One month ago, the South China Morning Post reported that China’s top economic policymakers have been "engaged in heated debate over whether the country’s central bank should directly buy special bonds issued by the finance ministry to help the government’s economic support measures."
That "heated debate" appears to have ended with fans of money printing winning, because overnight the PBOC announced a new "credit loan program" which essentially amounts to another form of QE-lite (with Chinese characteristics of the Fed's Main Street Lending Program and the Paycheck Protection Program Liquidity Facility), and which will "temporarily" purchase loans made to small businesses from some local banks; it represents Beijing's latest attempt to boost the supply of credit to the real economy without a wholesale rate cut amid fears China's record debt load (some 317% according to the IIF) can no longer sustain shotgun easing.
The central bank's plan will use 400 billion yuan ($56 billion) from its relending quota to buy 40% of un-collateralized loans to small and medium-sized firms from qualified local banks, with maturities of at least six months made between Mar. 1 and Dec. 31, 2020.
The newly announced program has elements of both PPP and QE.

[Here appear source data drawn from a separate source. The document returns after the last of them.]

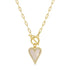 This necklace is filled with a precious mother of pearl heart and surrounded by a sparkling pave border, all connected by a delicate paperclip chain with an easy-to-use toggle that clasps in front.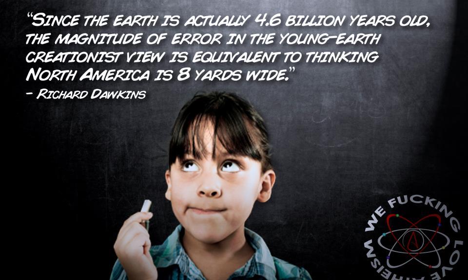 Atheism, Humor, Quotes, Richard Dawkins Earth is 4.6 billion years old Image October 16, 2014 We Fucking Love Atheism Leave a comment Share this: Click to share on X (Opens in new window) X Click to share on Facebook (Opens in new window) Facebook Click to share on Pinterest (Opens in new window) Pinterest Click to share on Tumblr (Opens in new window) Tumblr Click to share on Reddit (Opens in new window) Reddit Related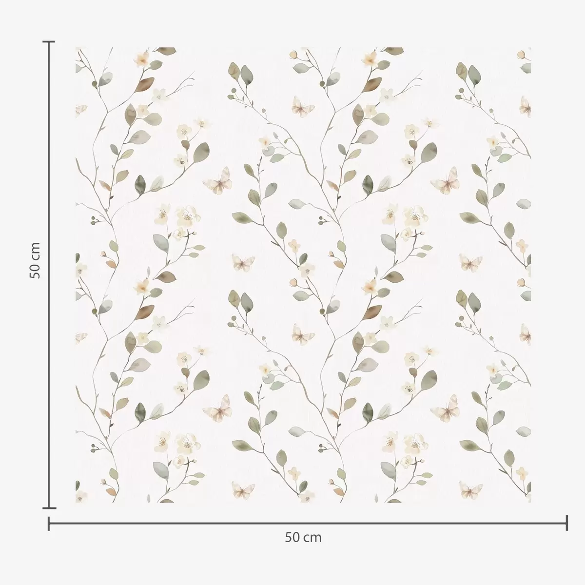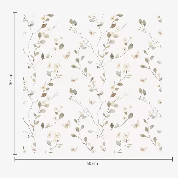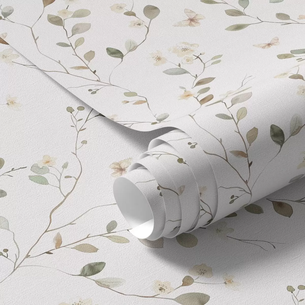 Tapetti Ohuet oksat kukkia ja perhosia valkoisella taustalla Nr. a00342

First, the PBOC and CBIRC jointly stated that SME loans that are scheduled to mature this year are allowed to be extended through March 31, 2021, as long as borrowers promise to keep employment stable (think of it as a quasi PPP). To incentivize participation, the central bank will use RMB 40bn of its relending quota to subsidize banks with 1% of the loan principal. The PBOC stated that around RMB 7...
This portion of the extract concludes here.